Department of Interventional Radiology, The University of Texas MD Anderson Cancer Center, 1515 Holcombe Blvd, Houston, TX, 77030, USA.
Department of Surgical Oncology, The University of Texas MD Anderson Cancer Center, 1515 Holcombe Blvd, Houston, TX, 77030, USA.
Eur Radiol. 2020 Jul;30(7):3862-3868. doi: 10.1007/s00330-020-06746-4. Epub 2020 Mar 7.
To assess the effect of salvage hepatic vein embolization (HVE) on the volume of the future liver remnant (FLR) for patients with metastatic colorectal cancer (mCRC) and inadequate hypertrophy following initial portal vein embolization (PVE).
From April 2011 to October 2018, 9 patients with mCRC underwent HVE following PVE. The right or middle hepatic vein was embolized with coils and/or vascular plugs. Liver volumes were calculated at baseline, following PVE, and following HVE, in order to assess the hypertrophic effect of PVE and HVE on the FLR.
Nine patients underwent HVE (n = 3, right HVE; n = 6, middle HVE) because of inadequate FLR hypertrophy following PVE. The standardized FLR increased from 0.16 (median, range 0.08-0.24) at baseline to 0.22 (median, range 0.13-0.29) following PVE (p = 0.0005) to 0.26 (median, range 0.19-0.37) following HVE (p = 0.0050). HVE was performed 40 days (median, range 19-128 days) following PVE, and assessment of FLR hypertrophy was performed 41 days (median, range 19-92 days) following HVE. Four of nine patients underwent hepatectomy; 5 patients failed to undergo hepatectomy (n = 3, inadequate hypertrophy; n = 1, disease progression; n = 1, portal hypertension). One patient required repeat HVE due to a patent accessory vein.

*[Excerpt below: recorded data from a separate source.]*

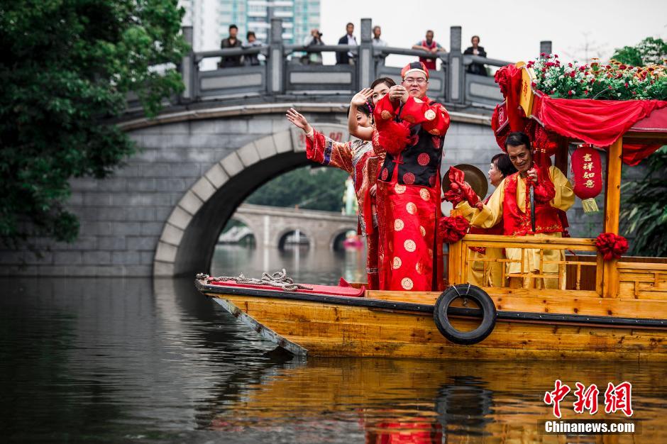 广州举行集体婚礼 新人坐花船重现传统水上婚俗
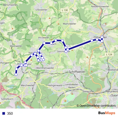 The first stop of the 350 bus route is Gymnasium, Illingen and the last stop is Bahnhof, Ottweiler. 350 is operational during everyday.
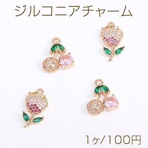 高品質ジルコニアチャーム さくらんぼチャーム バラチャーム ゴールド(1ヶ)
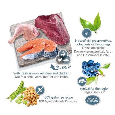 Da er dort in freier Wildbahn nur wenig Kohlenhydrate zu sich nimmt, haben auch wir in unserem Futter kein Getreide eingesetzt. Unsere Rezepturen bestehen aus viel regionstypischem Frischfleisch und werden durch Wurzeln, Wildkräuter und regionstypische Beeren ergänzt. Als wertvolle pflanzliche Proteinquelle werden ausschließlich Erbsen, Ackerbohnen und Kichererbsen verwendet.
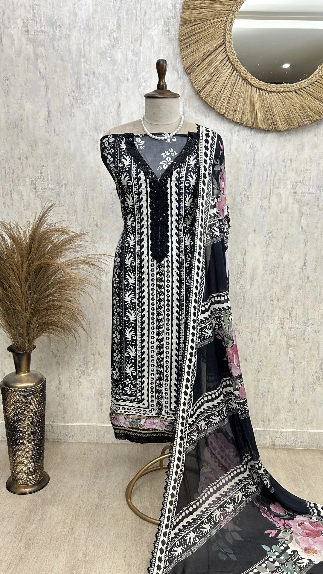 Bold prints meet delicate sparkle in our Digital Print Maslin Unstitched Suit Set, designed for the modern woman who loves tradition with a twist. Made from soft and flowy maslin fabric, this set features vibrant digital prints that bring life and color to your wardrobe.
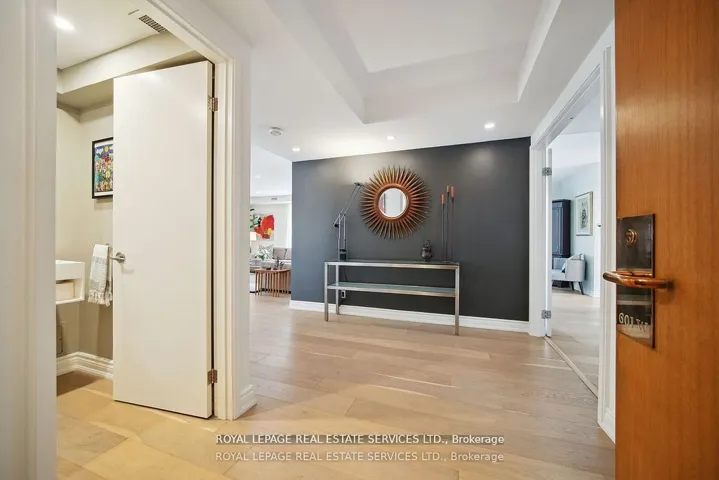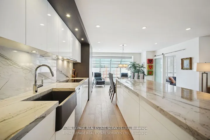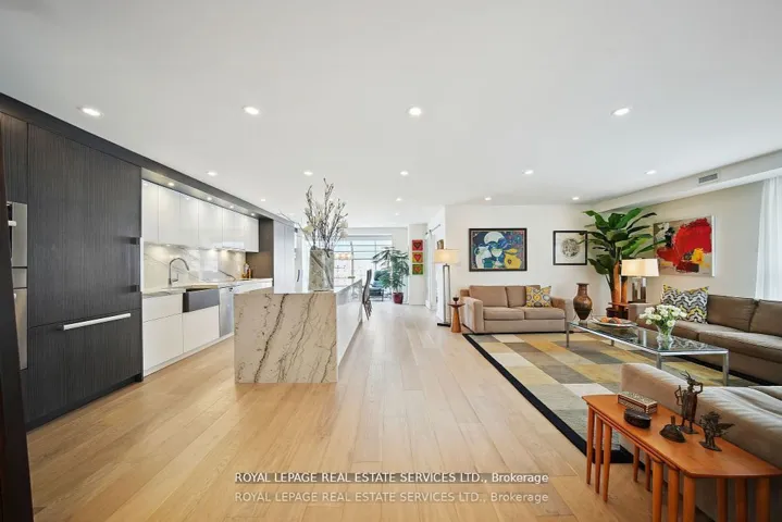 Welcome to Suite 601W at the iconic King’s Landing-a masterpiece by celebrated Canadian architect Arthur Erickson, best known for Roy Thomson Hall. Nestled along Toronto’s vibrant waterfront, this rare, quiet corner unit has been meticulously renovated, offering a unique blend of architectural prestige and modern luxury. Step through a spacious, elegant foyer into a thoughtfully redesigned home perfect for elevated everyday living and entertaining. The heart of the suite features a gourmet chef’s kitchen with a striking 10-ft waterfall island, premium Miele appliances, and custom wine storage-flowing seamlessly into a large open-concept living and dining area. An expansive living room offers the perfect setting to host guests, while the bright solarium provides a private retreat to read, relax, or enjoy a glass of wine. The luxurious primary suite boasts a vast walk-in closet and spa-like ensuite with jetted soaker tub, dual vanities, and private water closet. A full-sized laundry room with built-in storage adds comfort and convenience. Ideally located on the same level as the building’s exceptional amenities: indoor salt water pool & whirlpool, sauna, rooftop terrace with BBQs, outdoor pickleball court, state-of-the-art gym, party room, and golf swing practice range. Includes 1 parking space and 1 locker. With 24-hour white-glove concierge service, premier finishes, and a landmark location, Suite 601W is a rare opportunity to live in one of Toronto’s most architecturally significant residences.
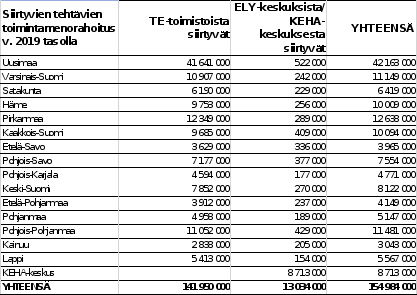 Julkisten työvoimapalvelujen järjestämisvastuu siirrettäisiin työ- ja elinkeinotoimistoilta kunnille. Kunnille siirtyisivät myös elinkeino-, liikenne- ja ympäristökeskusten julkisiin työvoimapalveluihin liittyvät hankintatehtävät ja elinkeino-, liikenne- ja ympäristökeskusten sekä työ- ja elinkeinotoimistojen kehittämis- ja hallintokeskuksen julkisiin työvoimapalveluihin liittyvät maksatustehtävät. Nykyiset työ- ja elinkeinotoimistot lakkautettaisiin. Siirtyviä tehtäviä valtiolla hoitava henkilöstö siirtyisi liikkeenluovutuksella kuntiin tai kuntayhtymiin.

Salvage HVE is an effective technique to induce additional FLR hypertrophy in patients with mCRC and inadequate FLR after initial PVE.

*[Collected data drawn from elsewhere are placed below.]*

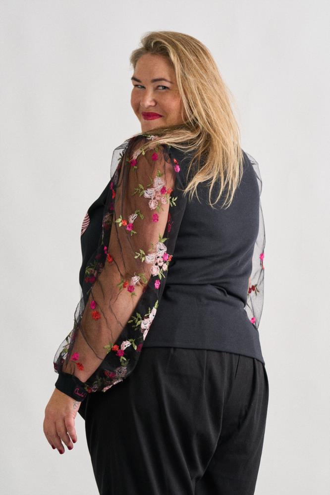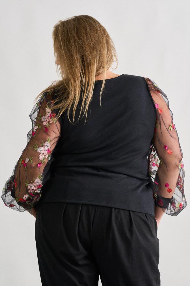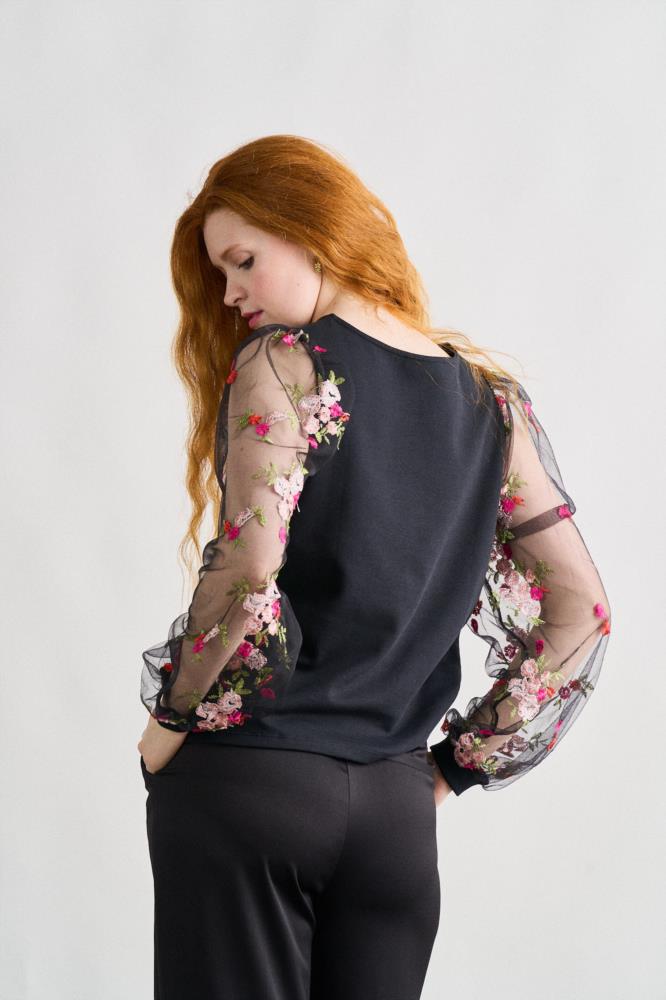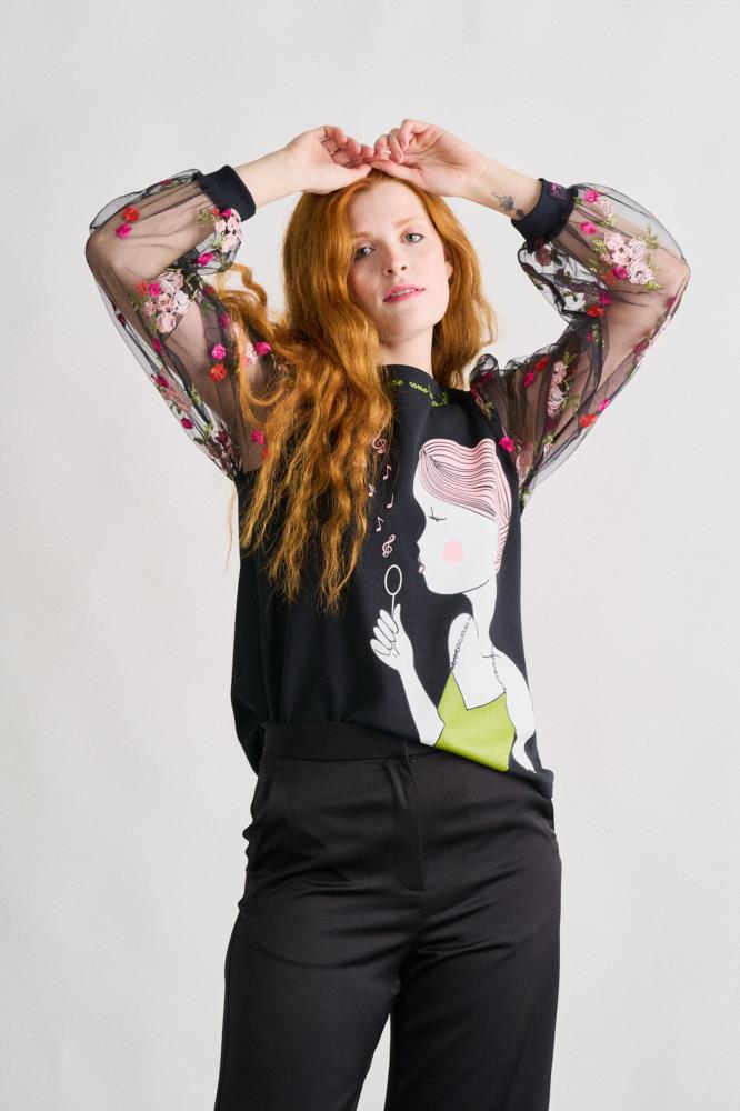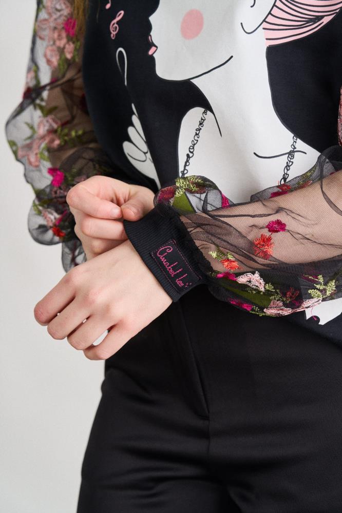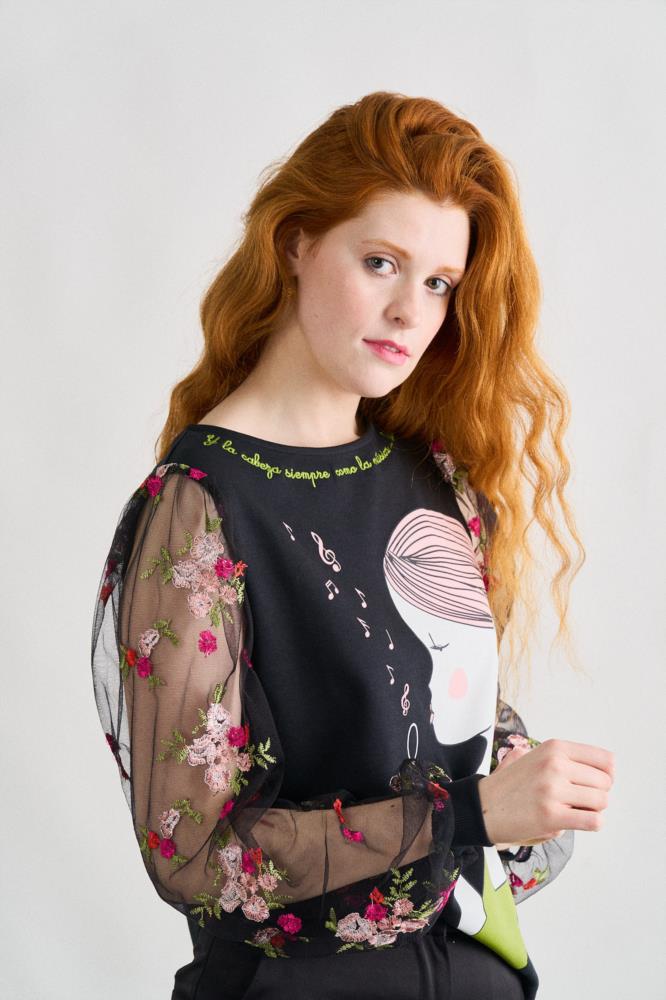 "Y la cabeza siempre como la música...bien alta." -Top de corte recto y cuello redondo. -Manga larga transparente con bordados. -Maxi print delantero y frase bordada en cuello.
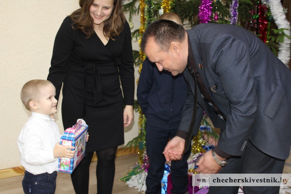 Гости прибыли к многодетной семье Лашкевич. Трое мальчишек – Вадим, Максим и Денис с радостью принимали поздравления и подарки от председателя райсовета депутатов Сергея Малюкова и депутатов Елены Ганжиной и Александра Ганжина.
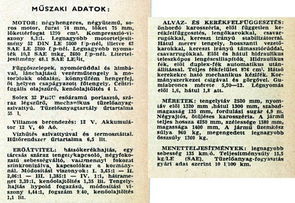 Annak ellenére, hogy az Aronde és 1000-es modellek nálunk a normál kereskedelmi forgalomban megvásárolható típusok voltak, és az egyik budapesti autójavító hivatalos Simca szerviznek van kijelölve, a márka szakosztály vezetőségének még sok olyan feladata akad, amelyek ügyes megoldásával zavartalanabbá tehetik a szóban forgó kocsik üzemben tartását. Jó kapcsolatot épített ki máris a francia gyárral, és ennek egyik bizonyítéka, hogy a napokban bemutatópróbára Pestre küldtek egy új 1300-as modellt. Ezzel a kocsival szerkesztőségünk munkatársa is megtett néhányszáz kilométert.

• Hepatic vein embolization is effective to induce additional liver hypertrophy in surgical patients with metastatic colorectal carcinoma and inadequate hypertrophy after portal vein embolization. • Increases in future liver remnant volume are feasible in patients who receive hepatotoxic neoadjuvant systemic therapy for metastatic colorectal carcinoma. • Sequential portal vein embolization and hepatic vein embolization can be a viable technique to induce liver hypertrophy in patients with small baseline future liver remnant volumes (< 20%).
评估补救性肝静脉栓塞(HVE)对初始门静脉栓塞(PVE)后转移性结直肠癌(mCRC)患者和肝切除量不足的未来肝(FLR)的影响。
2011 年 4 月至 2018 年 10 月,9 例 mCRC 患者在 PVE 后接受 HVE。使用线圈和/或血管塞栓塞右或中肝静脉。在基线、PVE 后和 HVE 后计算肝体积,以评估 PVE 和 HVE 对 FLR 的增生作用。
9 例患者因 PVE 后 FLR 增生不足而行 HVE(n=3,右 HVE;n=6,中 HVE)。标准化 FLR 从基线时的 0.16(中位数,范围 0.08-0.24)增加到 PVE 后 0.22(中位数,范围 0.13-0.29)(p=0.0005)和 HVE 后 0.26(中位数,范围 0.19-0.37)(p=0.0050)。HVE 在 PVE 后 40 天(中位数,范围 19-128 天)进行,FLR 增生评估在 HVE 后 41 天(中位数,范围 19-92 天)进行。9 例患者中有 4 例接受了肝切除术;5 例患者未能接受肝切除术(n=3,增生不足;n=1,疾病进展;n=1,门静脉高压)。1 例患者因副肝静脉通畅而需要再次 HVE。
补救性 HVE 是一种有效的技术,可诱导初始 PVE 后 mCRC 患者和初始 FLR 不足的额外 FLR 增生。
• 肝静脉栓塞术对接受转移性结直肠癌新辅助系统治疗的肝切除量不足的患者是有效的,可诱导额外的肝增生。• 在接受转移性结直肠癌新辅助系统治疗的患者中,增加未来肝切除量是可行的。• 序贯门静脉栓塞术和肝静脉栓塞术可作为诱导小基线未来肝切除量(<20%)患者肝增生的可行技术。